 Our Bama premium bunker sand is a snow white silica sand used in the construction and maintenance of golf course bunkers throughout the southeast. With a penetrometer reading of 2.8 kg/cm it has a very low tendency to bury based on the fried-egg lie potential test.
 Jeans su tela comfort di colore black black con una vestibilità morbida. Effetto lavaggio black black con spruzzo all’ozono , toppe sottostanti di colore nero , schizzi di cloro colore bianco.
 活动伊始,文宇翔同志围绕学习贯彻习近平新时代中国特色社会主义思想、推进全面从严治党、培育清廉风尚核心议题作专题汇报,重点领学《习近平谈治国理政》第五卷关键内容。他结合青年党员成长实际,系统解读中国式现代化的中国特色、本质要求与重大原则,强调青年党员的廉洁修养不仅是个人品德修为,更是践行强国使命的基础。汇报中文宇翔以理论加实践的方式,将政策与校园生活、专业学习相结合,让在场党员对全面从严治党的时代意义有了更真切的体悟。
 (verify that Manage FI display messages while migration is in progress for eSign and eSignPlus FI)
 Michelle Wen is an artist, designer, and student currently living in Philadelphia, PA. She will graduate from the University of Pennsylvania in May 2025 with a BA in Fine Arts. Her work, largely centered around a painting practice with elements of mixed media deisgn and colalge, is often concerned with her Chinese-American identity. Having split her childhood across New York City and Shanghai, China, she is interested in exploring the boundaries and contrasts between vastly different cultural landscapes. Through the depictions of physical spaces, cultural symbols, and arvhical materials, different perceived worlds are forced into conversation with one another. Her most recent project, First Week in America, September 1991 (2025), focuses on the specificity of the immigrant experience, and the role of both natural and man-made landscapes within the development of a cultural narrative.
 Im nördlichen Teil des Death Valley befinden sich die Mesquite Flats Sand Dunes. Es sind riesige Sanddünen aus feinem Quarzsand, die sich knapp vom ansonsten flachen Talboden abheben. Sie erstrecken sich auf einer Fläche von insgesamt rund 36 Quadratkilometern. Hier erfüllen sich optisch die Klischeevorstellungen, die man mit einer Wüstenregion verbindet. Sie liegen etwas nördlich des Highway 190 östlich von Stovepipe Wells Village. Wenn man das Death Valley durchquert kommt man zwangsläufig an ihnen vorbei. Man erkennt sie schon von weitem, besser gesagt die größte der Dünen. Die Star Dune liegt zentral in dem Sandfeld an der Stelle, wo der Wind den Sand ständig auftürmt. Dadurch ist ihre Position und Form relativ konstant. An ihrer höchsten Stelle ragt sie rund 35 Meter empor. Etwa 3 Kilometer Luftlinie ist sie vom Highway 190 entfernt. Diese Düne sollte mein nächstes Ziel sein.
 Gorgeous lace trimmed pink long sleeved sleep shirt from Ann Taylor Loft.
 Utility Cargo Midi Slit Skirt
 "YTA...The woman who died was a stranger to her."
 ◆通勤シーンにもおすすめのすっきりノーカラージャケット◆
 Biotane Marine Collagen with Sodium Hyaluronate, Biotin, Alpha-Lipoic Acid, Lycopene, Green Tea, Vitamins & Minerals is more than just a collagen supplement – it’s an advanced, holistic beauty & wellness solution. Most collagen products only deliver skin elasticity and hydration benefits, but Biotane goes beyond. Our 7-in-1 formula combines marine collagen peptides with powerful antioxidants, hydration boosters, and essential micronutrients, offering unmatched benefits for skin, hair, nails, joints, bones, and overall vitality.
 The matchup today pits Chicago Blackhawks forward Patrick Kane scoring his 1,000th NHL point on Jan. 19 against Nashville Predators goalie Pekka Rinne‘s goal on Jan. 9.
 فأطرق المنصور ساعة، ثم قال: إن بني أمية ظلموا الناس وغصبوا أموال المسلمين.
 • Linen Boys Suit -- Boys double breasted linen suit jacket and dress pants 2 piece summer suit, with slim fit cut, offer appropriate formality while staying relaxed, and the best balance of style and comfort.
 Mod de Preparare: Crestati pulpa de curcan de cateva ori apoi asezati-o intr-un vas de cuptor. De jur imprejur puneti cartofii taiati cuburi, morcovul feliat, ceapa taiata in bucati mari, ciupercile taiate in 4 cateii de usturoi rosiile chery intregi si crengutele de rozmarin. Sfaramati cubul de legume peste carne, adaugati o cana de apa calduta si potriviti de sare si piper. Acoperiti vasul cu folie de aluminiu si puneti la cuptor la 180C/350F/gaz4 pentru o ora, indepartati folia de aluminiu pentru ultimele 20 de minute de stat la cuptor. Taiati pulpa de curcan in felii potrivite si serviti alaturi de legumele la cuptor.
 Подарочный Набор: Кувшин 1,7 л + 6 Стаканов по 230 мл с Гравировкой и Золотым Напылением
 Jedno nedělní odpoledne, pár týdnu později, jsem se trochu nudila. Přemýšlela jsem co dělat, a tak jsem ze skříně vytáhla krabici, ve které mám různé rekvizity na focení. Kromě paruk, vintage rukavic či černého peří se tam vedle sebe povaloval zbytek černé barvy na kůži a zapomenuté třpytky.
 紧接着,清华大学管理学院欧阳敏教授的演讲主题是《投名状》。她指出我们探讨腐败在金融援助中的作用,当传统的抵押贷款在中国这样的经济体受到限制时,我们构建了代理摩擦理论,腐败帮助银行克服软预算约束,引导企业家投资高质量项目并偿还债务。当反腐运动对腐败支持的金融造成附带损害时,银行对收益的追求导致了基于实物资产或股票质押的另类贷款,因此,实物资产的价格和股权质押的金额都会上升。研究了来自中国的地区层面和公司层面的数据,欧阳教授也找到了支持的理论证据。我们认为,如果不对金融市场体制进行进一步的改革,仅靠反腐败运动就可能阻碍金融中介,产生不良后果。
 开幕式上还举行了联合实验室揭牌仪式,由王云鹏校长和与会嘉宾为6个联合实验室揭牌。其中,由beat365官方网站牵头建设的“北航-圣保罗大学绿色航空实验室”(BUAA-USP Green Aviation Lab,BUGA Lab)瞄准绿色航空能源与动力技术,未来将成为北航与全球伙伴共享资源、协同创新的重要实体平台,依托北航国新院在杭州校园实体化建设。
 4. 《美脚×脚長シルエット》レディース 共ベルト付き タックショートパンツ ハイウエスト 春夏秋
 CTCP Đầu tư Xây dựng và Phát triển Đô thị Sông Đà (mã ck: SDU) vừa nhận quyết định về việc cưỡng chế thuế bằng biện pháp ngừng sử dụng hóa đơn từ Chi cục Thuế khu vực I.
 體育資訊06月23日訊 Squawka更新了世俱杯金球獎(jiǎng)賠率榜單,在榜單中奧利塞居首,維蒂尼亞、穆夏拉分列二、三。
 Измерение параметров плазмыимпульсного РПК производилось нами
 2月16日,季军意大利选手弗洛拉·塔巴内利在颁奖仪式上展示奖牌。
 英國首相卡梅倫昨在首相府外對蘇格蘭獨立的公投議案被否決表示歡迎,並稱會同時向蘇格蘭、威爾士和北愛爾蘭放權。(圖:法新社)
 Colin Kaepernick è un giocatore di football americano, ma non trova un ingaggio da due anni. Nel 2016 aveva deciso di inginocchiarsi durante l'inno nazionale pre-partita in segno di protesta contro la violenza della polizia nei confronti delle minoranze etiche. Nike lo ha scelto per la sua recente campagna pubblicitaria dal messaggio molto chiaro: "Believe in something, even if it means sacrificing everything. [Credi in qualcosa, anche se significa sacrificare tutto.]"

- Assignment
What is needed is a verbatim copy of every line in the records above from the one containing "The matchup today" down to the one containing "فأطرق المنصور ساعة،", both included, and nothing more.

- Solution
 The matchup today pits Chicago Blackhawks forward Patrick Kane scoring his 1,000th NHL point on Jan. 19 against Nashville Predators goalie Pekka Rinne‘s goal on Jan. 9.
 فأطرق المنصور ساعة، ثم قال: إن بني أمية ظلموا الناس وغصبوا أموال المسلمين.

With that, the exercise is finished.